We take it a day at a time and it’s a lot of trial and error, adapting to change. Still though, I’ve learned a few things after a year of this, in no particular order:

  • Parenting is a ton of fun, except when it’s miserable, and it’s the most miserable when it’s terrifying, however infrequently. But ugh, the terror.

    Terror like the raft of complications he unknowingly caused on his way out of his mom’s belly. Or his innocent, doe-eyed stare in a restaurant high chair, not realizing he had glass shards stuck to his lips after biting into a water glass. Or that poorly worded call from the doctor’s office that left us in sweats for two days because we thought he was born with a rare, life-altering ailment (narrator: he wasn't). Freaky stuff, all.

  • Poop, puke, drool, screaming, crying, fussing? Honestly, bring it on. He laughs when I change a poopy diaper and, last I checked, baby laughter has curative powers matched only by penicillin.

  • I default to “kiddo” instead of “son” because somehow I always feel like “son” is going to turn me into emotional mush at any given moment.

  • Before him, I thought I’d never be one of those people who posted ad nauseam about their kids on social, including and especially those posts about your kid hitting a milestone each month. But yeah, here we are 12 months later and all his development minutiae is chronicled in-depth on my Insta feed. Powers of social media resistance are no match for a baby’s gap-toothed grin.

  • Time so rarely works in your favor - it’s too fast when you’re happy, achingly slow when bummed out - but even so, the pace with parenting is just different. The last year has been less linear, more like some weird Star Trek slipstream where you step through a portal, blink, and suddenly everyone’s in old age makeup and someone’s evolved into a weird lizard baby.
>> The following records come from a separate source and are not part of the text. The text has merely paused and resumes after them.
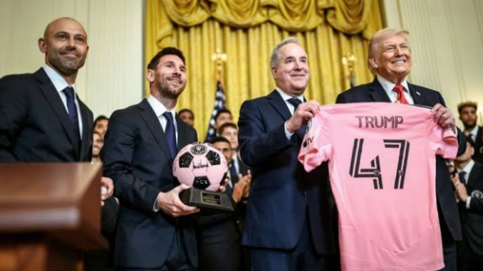 O presidente dos Estados Unidos, Donald Trump, recebeu na noite de quarta-feira (5) o elenco do Inter Miami CF na Casa Branca, em Washington, D.C..
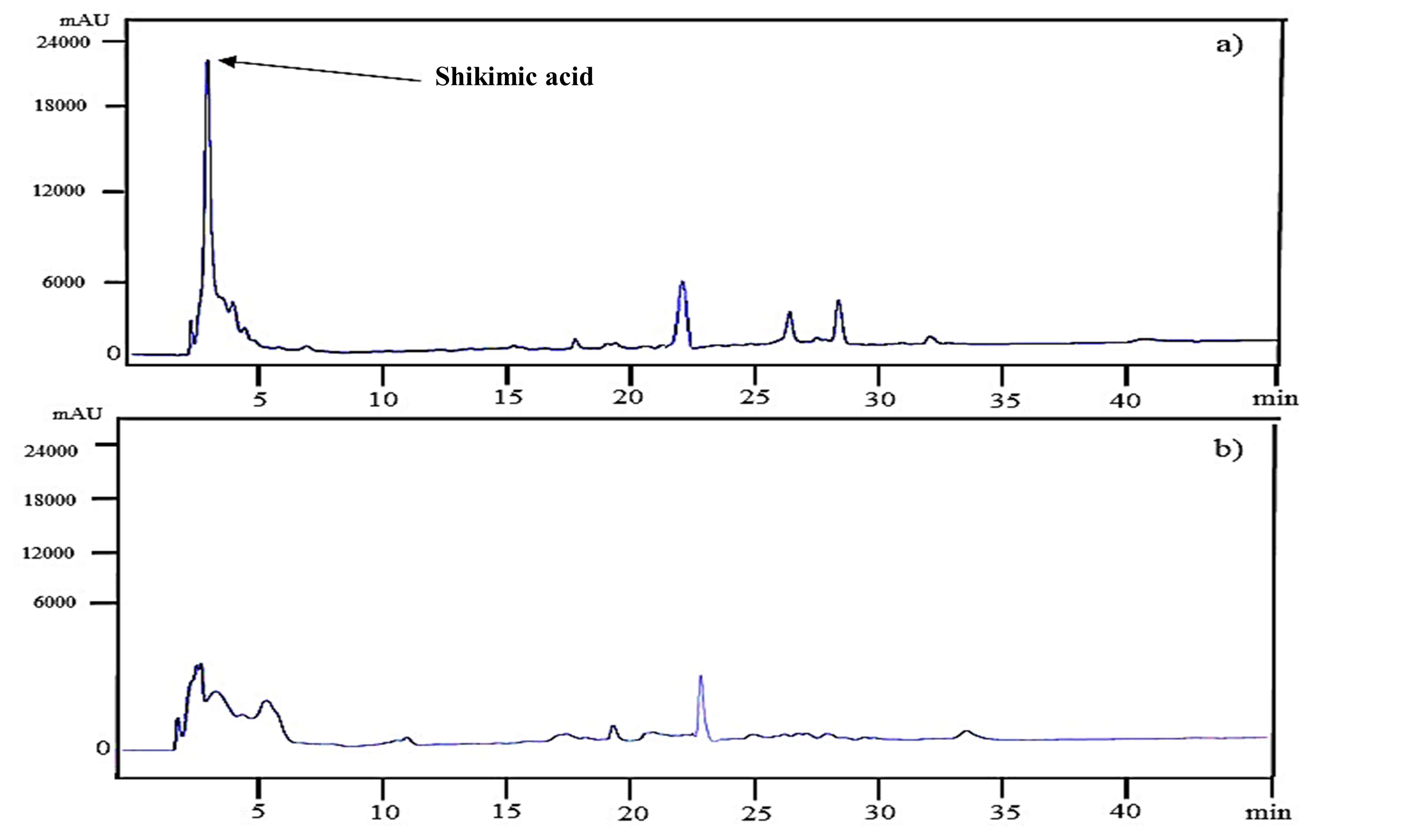 Figure 4 Chromatograms of a) high-intensity ultrasound-assisted extraction, and b) conventional extraction of Beta vulgaris stem powder.
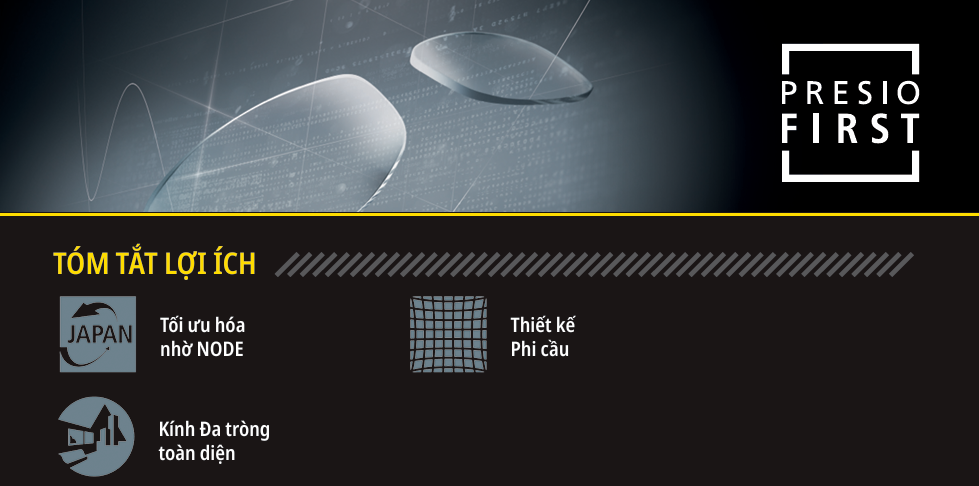 Ứng dụng công nghệ NODE tiên tiến của Nikon, Presio First giúp mở rộng vùng nhìn xa, trung gian và gần, đồng thời giảm mờ ở rìa kính đến 11%, mang lại trải nghiệm thị giác mượt mà và tự nhiên nhất.
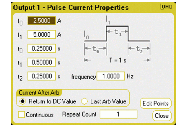 配置好負(fù)載后,下一步將是創(chuàng)建一個波形(步長或脈沖),以生成瞬態(tài)的方式為電源供電。KeysightN6700系列具有一系列內(nèi)置波形,可簡化此操作。只需描述幾個點(diǎn)就可以生成動態(tài)負(fù)載。當(dāng)電流值從50%變?yōu)?00%時,階躍波形會產(chǎn)生一個瞬變,脈沖會產(chǎn)生兩個瞬變,每個邊沿一個。參見圖3。
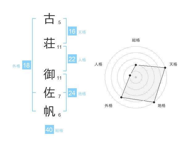 古荘 御佐帆さんを姓名の画数から五運を鑑定
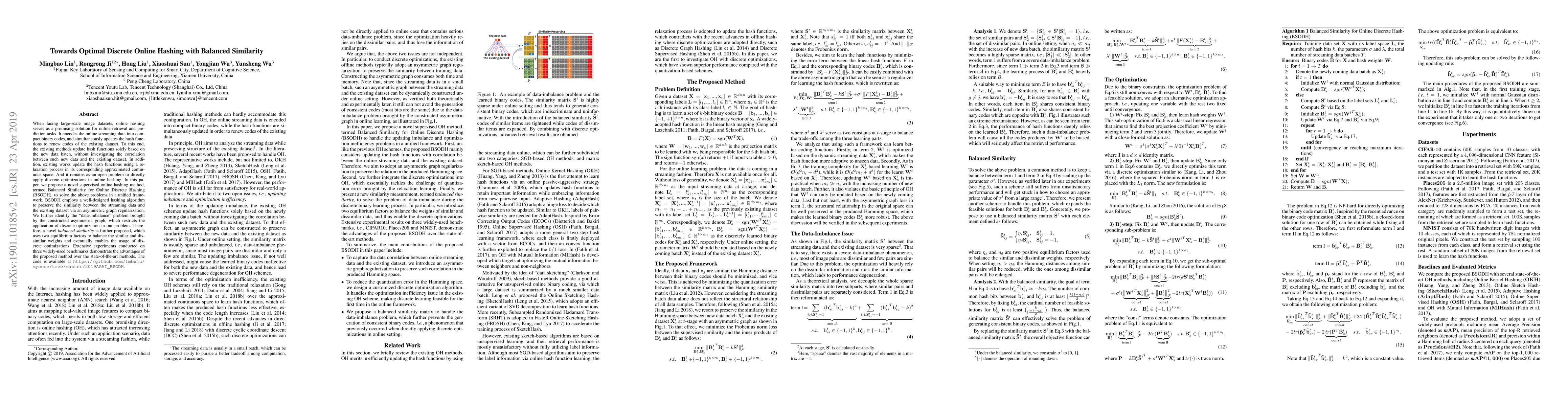 This paper proposes a novel online hashing method called BSODH to address the challenges of updating hash functions in large-scale image datasets. It introduces a balanced similarity approach to balance similar and dissimilar weights, enabling the use of discrete optimizations to improve hashing efficiency and similarity preservation.
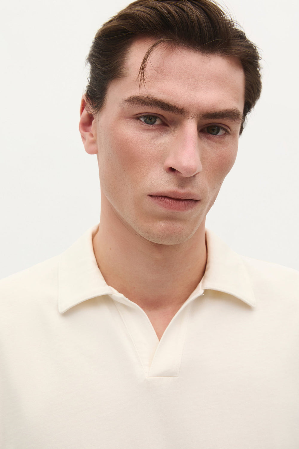 Polo confecionado em tecido macio de 100% algodão BCI. Regular fit, decote em V e manga comprida.
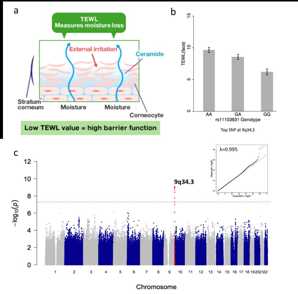 2016年12月21日,皮膚學(xué)頂級(jí)雜志Journal of Investigative Dermatology在線發(fā)表了中國(guó)科學(xué)院-馬普學(xué)會(huì)計(jì)算生物學(xué)伙伴研究所汪思佳研究組題為:“A genome-wide association study of basal transepidermal water loss (TEWL) finds variants at 9q34.3 to be associated with skin barrier function”的研究成果。經(jīng)皮失水率(TEWL),指透過(guò)表皮丟失的水分量,是評(píng)價(jià)皮膚屏障功能的重要指標(biāo)之一。該研究首次針對(duì)漢族健康人群的皮膚屏障功能,利用基礎(chǔ)經(jīng)皮失水率值進(jìn)行全基因組關(guān)聯(lián)分析,發(fā)現(xiàn)位于9號(hào)染色體9q34.3處的基因位點(diǎn)突變與TEWL密切相關(guān),揭示影響東亞漢族群體皮膚屏障功能的遺傳因素。
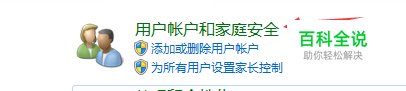 打开控制面板,点击程序,找到“用户账户和家庭安全”按钮。
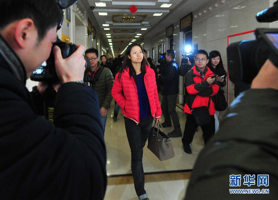 新华网照片,武汉,2014年1月27日 (体育)(1)网球——李娜返回家乡武汉 1月27日,李娜(中)走出机场。当日,在2014年澳大利亚网球公开赛夺冠的中国选手李娜返回家乡武汉,在机场受到家人和球迷的迎接。 新华网记者肖艺九摄

  • Also on those miserable times - they sure can bring out the worst in you. Sleep deprivation, physical exhaustion - it’s all added up to me probably saying things I regret, or snapping with a snarky comment, more times in the last year than the last 10 combined. So, apologize earnestly and often, I think is the takeaway there. It also helps to have….

  • …an amazing partner. My wife has given all of herself and more to our boy in the last year. Literally, figuratively, abstractly, concretely, daily, weekly, monthly - there’s no way to look at it where she’s put in anything less than 150%. She is my hero, though that was true before we had a child, too.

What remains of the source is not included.